Euro-Gulf Information Centre
The ‘NEOM Project’
By Maged Srour
The Kingdom of Saudi Arabia is clearly projecting itself into the future. On 24 October 2017, during the “Future Investment Initiative”, a business conference held in Riyadh, Crown Prince Mohammed bin Salman (MbS), announced the launch of the NEOM project. NEOM is part of the wider VISION 2030 project, an impressive undertaking that aims to make the Saudi economy independent from oil revenues by 2030. According to Al Arabiya, the first three characters “NEO” stand for the word “new” in Latin, while the fourth character “M” is the abbreviation of the Arabic word “Mostaqbal”, which means “future”. NEOM will span some 25,000 square kilometers and will be located in the North West end of Saudi Arabia with parts of it spilling into neighbouring Jordan and Egypt. The plan includes a bridge spanning the Red Sea, connecting the new zone with Egypt and the rest of Africa. NEOM may represent a chance for economic and financial growth for the three countries involved directly and with substantial spillovers beyond. The city aims to be center of innovation in the field of energy and water, biotechnology, food, advanced manufacturing, media, entertainment, technological and the digital sciences. The territory will be under Saudi sovereignty but it will have a special administrative autonomy. Phase I should be completed by 2025.
But what is NEOM going to be? What significance is it going to have?
From MbS’s perspective, international policy makers should remember that NEOM will not be an entirely “Saudi initiative”, but also generate opportunities for Saudi Arabia’s partners. Riyadh’s $500 billion investment into NEOM over the coming years, will be initiated by potential investors. This ambitious project will gather the best skills from Europe, Asia and Africa and bring them to work into the various industrial sectors, from energy to biotechnology. And, the entire city will be 100 per cent clean and sustainable, as everything will work using solar and wind energy.
Certainly, the project has financial, economic and political drivers. The main purpose of this project is to diversify the portfolio of Saudi investments, and provide an alternative source of revenues away from those related to oil. Oil prices have been fluctuating drastically in recent years and Riyadh is aware that it needs to reform and to diversify its economy and State.

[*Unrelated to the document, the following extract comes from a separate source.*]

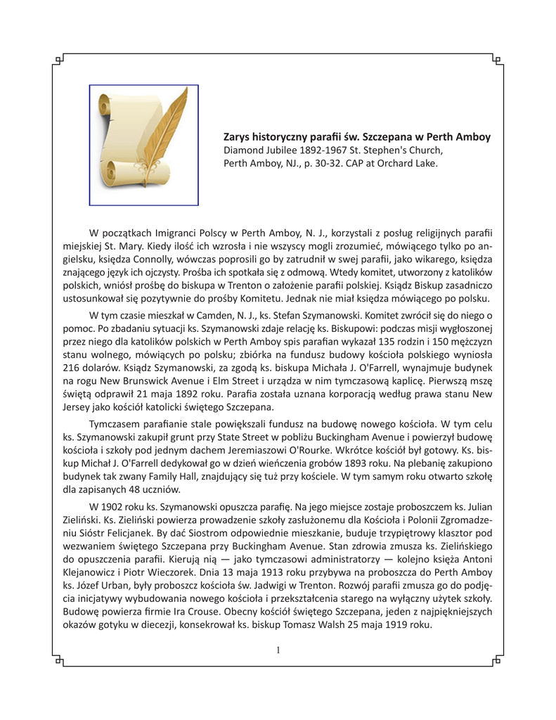 Zarys historyczny parafii św. Szczepana w Perth Amboy Diamond Jubilee 1892-1967 St. Stephen's Church, Perth Amboy, NJ., p. 30-32. CAP at Orchard Lake. W początkach Imigranci Polscy w Perth Amboy, N. J., korzystali z posług religijnych parafii miejskiej St. Mary. Kiedy ilość ich wzrosła i nie wszyscy mogli zrozumieć, mówiącego tylko po angielsku, księdza Connolly, wówczas poprosili go by zatrudnił w swej parafii, jako wikarego, księdza znającego język ich ojczysty. Prośba ich spotkała się z odmową. Wtedy komitet, utworzony z katolików polskich, wniósł prośbę do biskupa w Trenton o założenie parafii polskiej. Ksiądz Biskup zasadniczo ustosunkował się pozytywnie do prośby Komitetu. Jednak nie miał księdza mówiącego po polsku. W tym czasie mieszkał w Camden, N. J., ks. Stefan Szymanowski. Komitet zwrócił się do niego o pomoc. Po zbadaniu sytuacji ks. Szymanowski zdaje relację ks. Biskupowi: podczas misji wygłoszonej przez niego dla katolików polskich w Perth Amboy spis parafian wykazał 135 rodzin i 150 mężczyzn stanu wolnego, mówiących po polsku; zbiórka na fundusz budowy kościoła polskiego wyniosła 216 dolarów. Ksiądz Szymanowski, za zgodą ks. biskupa Michała J. O'Farrell, wynajmuje budynek na rogu New Brunswick Avenue i Elm Street i urządza w nim tymczasową kaplicę. Pierwszą mszę świętą odprawił 21 maja 1892 roku. Parafia została uznana korporacją według prawa stanu New Jersey jako kościół katolicki świętego Szczepana. Tymczasem parafianie stale powiększali fundusz na budowę nowego kościoła. W tym celu ks. Szymanowski zakupił grunt przy State Street w pobliżu Buckingham Avenue i powierzył budowę kościoła i szkoły pod jednym dachem Jeremiaszowi O'Rourke. Wkrótce kościół był gotowy. Ks. biskup Michał J. O'Farrell dedykował go w dzień wieńczenia grobów 1893 roku. Na plebanię zakupiono budynek tak zwany Family Hall, znajdujący się tuż przy kościele. W tym samym roku otwarto szkołę dla zapisanych 48 uczniów. W 1902 roku ks. Szymanowski opuszcza parafię. Na jego miejsce zostaje proboszczem ks. Julian Zieliński. Ks. Zieliński powierza prowadzenie szkoły zasłużonemu dla Kościoła i Polonii Zgromadzeniu Sióstr Felicjanek. By dać Siostrom odpowiednie mieszkanie, buduje trzypiętrowy klasztor pod wezwaniem świętego Szczepana przy Buckingham Avenue. Stan zdrowia zmusza ks. Zielińskiego do opuszczenia parafii. Kierują nią — jako tymczasowi administratorzy — kolejno księża Antoni Klejanowicz i Piotr Wieczorek. Dnia 13 maja 1913 roku przybywa na proboszcza do Perth Amboy ks. Józef Urban, były proboszcz kościoła św. Jadwigi w Trenton. Rozwój parafii zmusza go do podjęcia inicjatywy wybudowania nowego kościoła i przekształcenia starego na wyłączny użytek szkoły. Budowę powierza firmie Ira Crouse. Obecny kościół świętego Szczepana, jeden z najpiękniejszych okazów gotyku w diecezji, konsekrował ks. biskup Tomasz Walsh 25 maja 1919 roku. 1 Mając ukończony kościół, ks. Urban przystępuje do budowy nowej szkoły. Stara szkoła została przesunięta na tył posiadłością a na jej miejscu stanął nowy gmach szkolny, poświęcony przez ks. biskupa Tomasza Walsh 4 września 1922 roku. Teraz — już wszystko Parafia św. Szczepana miała w najlepszym stanie i porządku, a zasłużony jej budowniczy mógł zająć się działalnością wewnętrzną. Zajmował się więc pilnie ks. J. Urban i szczególnie serdecznie młodzieżą, dbał o jej oświatę i wykształcenie, popierał powołania kapłańskie i zakonne, założył w Perth Amboy w 1919 gazetę tygodniową, „Polak Amerykański." W uznaniu wielkich i mnogich zasług został ks. Józef Urban wyniesiony do godności Prałata Domowego Ojca Św. Inwestytura prałacka odbyła się, I września, 1930 r., z której to okazji był Ks. Prałat Urban przedmiotem gratulacji nadesłanych z całego kraju, jakie urządziła mu uradowana i zaszczycona tern samem Parafia i Polonia w Perth Amboy. W r. 1933 we wrześniu obchodził Ks. Prałat J. Urban Srebrny Jubileusz swego kapłaństwa. Parafia urządziła mu wspaniały obchód jubileuszowy. Niestety niedługo potem zamknął Ks. Prałat J. Urban oczy na zawsze, zmarł mianowicie 10-go stycznia 1935 r. Pogrzeb jego przy udziale J. E. ks. Biskupa i wielkiej liczby księży i prałatów — był wielką manifestacją czci dla zasłużonego znakomicie kapłana-obywatela, Patrioty pierwszorzędnego Działacza i zacnego dobrego człowieka; pochowano go na naszym cmentarzu, gdzie grób jego oznacza płyta kamienna. Następcą ś.p. ks. Prałata J. Urbana—został Ks. Zenon Lesniowski, który przybył do Parafii Św. Szczepana, 3-go maja 1935 r. Zamianowany przez ówczesnego Ordynarjusza Trentonu, J. E. Ks. biskupa Mojżesza E. Kiley'go. Ks. Proboszcz Z. Lesniowski zajął się najpierw sprawami organizacyjnymi i finansowymi. Równocześnie zajął się uporządkowaniem potrzebnych napraw w zabudowaniach parafialnych: więc naprawił wielkie i ciężkie dachy kościoła, w kościele i zakrystiach pokryto nowe podłogi; odnowiono wielki i potężny organ, odświeżono i odzłocono sprzęty i naczynia kościelne. Odrestaurował również gruntownie Ks. Z. Lesniowski i odmalować polecił budynki szkolne, wreszcie odnowił Dom Sióstr i jego kaplice którą pięknie odmalowano. W szkole zaprowadzono tzw. „przedszkole" dla najmniejszych dzieci; dla starszych Ks. Proboszcz założył bibliotekę i czytelnię, postarał się o utworzenie „kafeterii" ażeby dzieci miały w szkole potrzebny posiłek, ciepły i zdrowy. Za jego urzędowania zakupiono plac i budynek na rogu Buckingham Ave. i Mechanic ul. i kilka placów przylegających do posesji parafialnych, zamieniając je na miejsce parkowanie samochodów. Również rozbudowano parter plebanii, osiągając przez to dogodniejsze biura parafialne. Pod baczną opieką zacnego pasterza, parafia wzorowo się rozwijała, a troska proboszcza

NEOM is – as articulated by MbS – “a blank page” and a way to “experiment an open society, without extremisms, discriminations and ideological underdevelopment”. Those elements characterised the Saudi society until now and Prince MbS told investors gathered in Riyadh that his economic modernisation plans would go hand-in hand with societal reforms to guide the Kingdom away from illiberal State ideologies. MbS wants to modernise and make Saudi Arabia a new hub where people can work and live in optimal conditions.
MbS’s plans for modernisation have been applauded by many Western leaders, even though some analysts are skeptical and argue he will be unable to implement those economic and societal changes on the scale and at the pace he wishes. Ghanem Nuseibeh (senior analyst who has been frequently consulted on projects in the region) said that this is “a generational project, not an overnight one”, which means that it looks to the future: the countries of the region are trying to develop beyond oil and those who don’t take that route will be left behind.
NEOM is one of the greatest infrastructural and development projects announced in the past decades. This makes it an appealing opportunity with considerable potential, for both the Middle East and for countries outside of the region and may be an incredible opportunity for Europe as well, considering its proximity to the Mediterranean and the Red Sea. Finally, NEOM is proof of the important transition towards modernisation that Saudi Arabia is undertaking under the guidance of MbS and his father, King Salman. It is a moment of change over how the country will develop socially, politically, strategically, economically and – crucially – in terms of the civilisational energies it pursues. We at EGIC remain very optimistic about the symbolic, strategic and economic importance of NEOM and remain committed to keeping our reader fully informed as to the unfolding details in relation to the project.